EXERCISE PROMPT: The data must be reproduced verbatim; images are to be omitted.

PROVIDED DATA:
++++++++

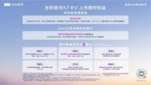 即日起,用户可通过吉利银河APP、微信小程序、抖音小程序及官网等官方渠道下定。凡在2026年5月31日前下定2026款吉利银河A7 EM的用户,可享受5000元超级置换金及1000元抵4000元膨胀金。
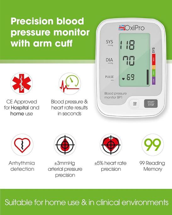 OxiPro BP1 Blood Pressure Monitors - CE Certified - MHRA Registered - UK Approved Blood Pressure Machine - BP Monitor for Home - Small to Large Cuff Blood Pressure Monitor - Certified Medical Device
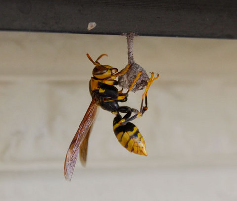 11月頃は、アシナガバチの女王蜂が越冬場所を探して洗濯物に紛れ込むことがあります。

++++++++

EXERCISE SOLUTION:
 即日起,用户可通过吉利银河APP、微信小程序、抖音小程序及官网等官方渠道下定。凡在2026年5月31日前下定2026款吉利银河A7 EM的用户,可享受5000元超级置换金及1000元抵4000元膨胀金。
 OxiPro BP1 Blood Pressure Monitors - CE Certified - MHRA Registered - UK Approved Blood Pressure Machine - BP Monitor for Home - Small to Large Cuff Blood Pressure Monitor - Certified Medical Device
 11月頃は、アシナガバチの女王蜂が越冬場所を探して洗濯物に紛れ込むことがあります。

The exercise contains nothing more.